# WORK TO BE COMPLETED:
Your copy of the listing should match it exactly, only without pictures.

# SOURCE MATERIAL:

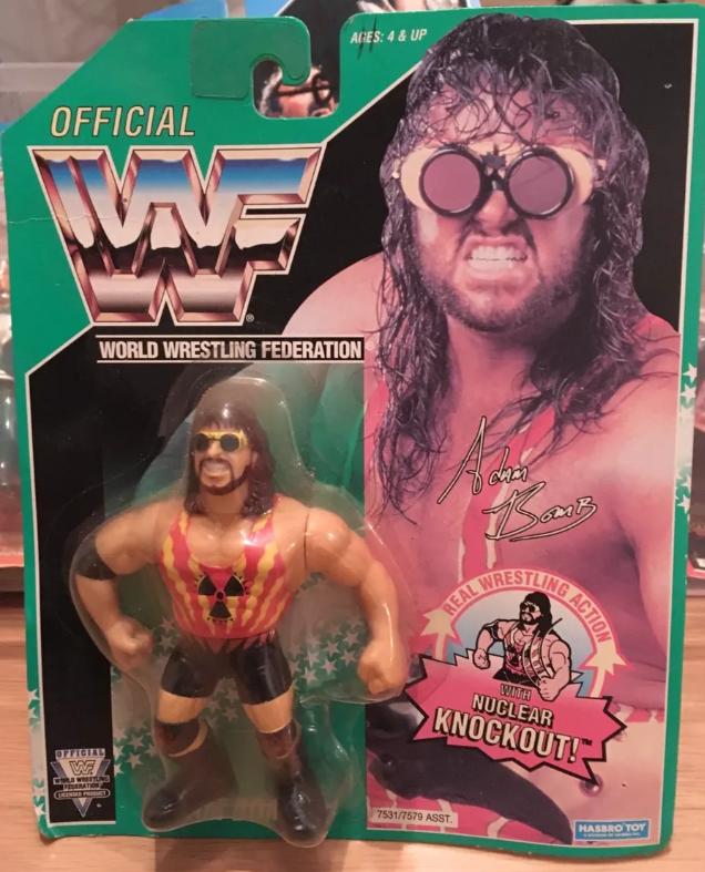 - Adam Bomb Hasbro WWF Series 11. As the Night Stalker, Bryan Clark worked a handful of WWF house shows as a vampire character in 1993. By the time he made it to television, the Night Stalker had become Adam Bomb, a survivor of the Three Mile Island nuclear accident in 1979. He wore yellow contact lenses and used 1950s creature feature music straight out of “It Came from Outer Space.” Hasbro included a great figure of Adam Bomb in its 11thand final series of WWF action figures, which were packaged on green cards. These green card figures are incredibly rare, and Adam Bomb is one of the most popular in the set.
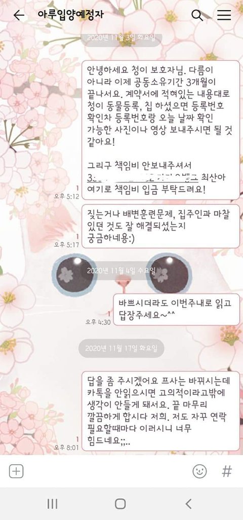 저희는 혹시 몰라 입양자측과 연락을 하기 위해 갖은 카카오톡 메시지를 하였지만
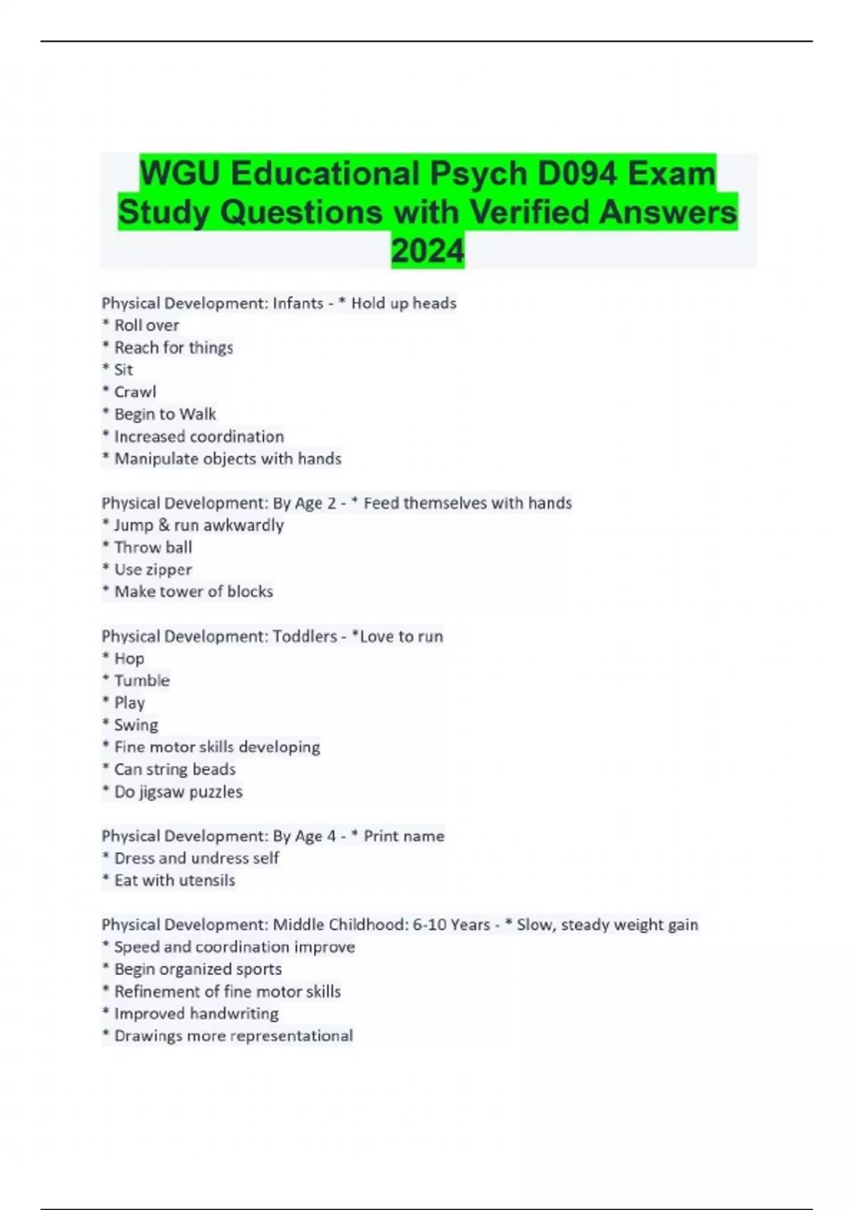 Physical Development: Infants - * Hold up heads * Roll over * Reach for things * Sit * Crawl * Begin to Walk * Increased coordination * Manipulate objects with hands Physical Development: By Age 2 - * Feed themselves with hands * Jump & run awkwardly * Throw ball * Use zipper * Make tower of blocks Physical Development: Toddlers - *Love to run * Hop * Tumble * Play * Swing * Fine motor skills developing * Can string beads * Do jigsaw puzzles Physical Development: By Age 4 - * Print name * Dress and undress self * Eat with utensils Physical Development: Middle Childhood: 6-10 Years - * Slow, steady weight gain * Speed and coordination improve * Begin organized sports * Refinement of fine motor skills * Improved handwriting * Drawings more representational Physical Development: Adolescence: 10-18 Years - * Girls begin puberty earlier * Boys grow taller * Boys more muscular * Girls' physical growth slows * Boys physical growth continues * Reach sexual maturity At which developmental stage would a child be expected to tie shoes? - Primary school How does female growth differ than male growth during the adolescent stage? - Females usually complete physical growth before males Which characteristic is consistent with a student in the early childhood physical development stage? - Ties shoelaces Which characteristic is consistent with a student in the middle childhood physical development stage? - Refining of motor coordination Piaget - * scheme, schema * adaptation * assimilation, disequilibrium, equilibrium, & accommodation * Learn from interaction with peers and environment Vygotsky - * Scaffolding * Zone of Proximal Development (ZPD) * More knowledgeable other (MKO) * Using language (as a mediator) ** explaining, giving examples, asking leading questions * Social & Cultural interactions important Piaget Stages - * Sensorimotor Stage * Preoperational Stage * Concrete Operational Stage * Formal Operational Stage Sensorimotor Stage - (Birth - 2 years) * Learn through movement and senses * Reflexive or active * Sucking

# SOLUTION:
 - Adam Bomb Hasbro WWF Series 11. As the Night Stalker, Bryan Clark worked a handful of WWF house shows as a vampire character in 1993. By the time he made it to television, the Night Stalker had become Adam Bomb, a survivor of the Three Mile Island nuclear accident in 1979. He wore yellow contact lenses and used 1950s creature feature music straight out of “It Came from Outer Space.” Hasbro included a great figure of Adam Bomb in its 11thand final series of WWF action figures, which were packaged on green cards. These green card figures are incredibly rare, and Adam Bomb is one of the most popular in the set.
 저희는 혹시 몰라 입양자측과 연락을 하기 위해 갖은 카카오톡 메시지를 하였지만
 Physical Development: Infants - * Hold up heads * Roll over * Reach for things * Sit * Crawl * Begin to Walk * Increased coordination * Manipulate objects with hands Physical Development: By Age 2 - * Feed themselves with hands * Jump & run awkwardly * Throw ball * Use zipper * Make tower of blocks Physical Development: Toddlers - *Love to run * Hop * Tumble * Play * Swing * Fine motor skills developing * Can string beads * Do jigsaw puzzles Physical Development: By Age 4 - * Print name * Dress and undress self * Eat with utensils Physical Development: Middle Childhood: 6-10 Years - * Slow, steady weight gain * Speed and coordination improve * Begin organized sports * Refinement of fine motor skills * Improved handwriting * Drawings more representational Physical Development: Adolescence: 10-18 Years - * Girls begin puberty earlier * Boys grow taller * Boys more muscular * Girls' physical growth slows * Boys physical growth continues * Reach sexual maturity At which developmental stage would a child be expected to tie shoes? - Primary school How does female growth differ than male growth during the adolescent stage? - Females usually complete physical growth before males Which characteristic is consistent with a student in the early childhood physical development stage? - Ties shoelaces Which characteristic is consistent with a student in the middle childhood physical development stage? - Refining of motor coordination Piaget - * scheme, schema * adaptation * assimilation, disequilibrium, equilibrium, & accommodation * Learn from interaction with peers and environment Vygotsky - * Scaffolding * Zone of Proximal Development (ZPD) * More knowledgeable other (MKO) * Using language (as a mediator) ** explaining, giving examples, asking leading questions * Social & Cultural interactions important Piaget Stages - * Sensorimotor Stage * Preoperational Stage * Concrete Operational Stage * Formal Operational Stage Sensorimotor Stage - (Birth - 2 years) * Learn through movement and senses * Reflexive or active * Sucking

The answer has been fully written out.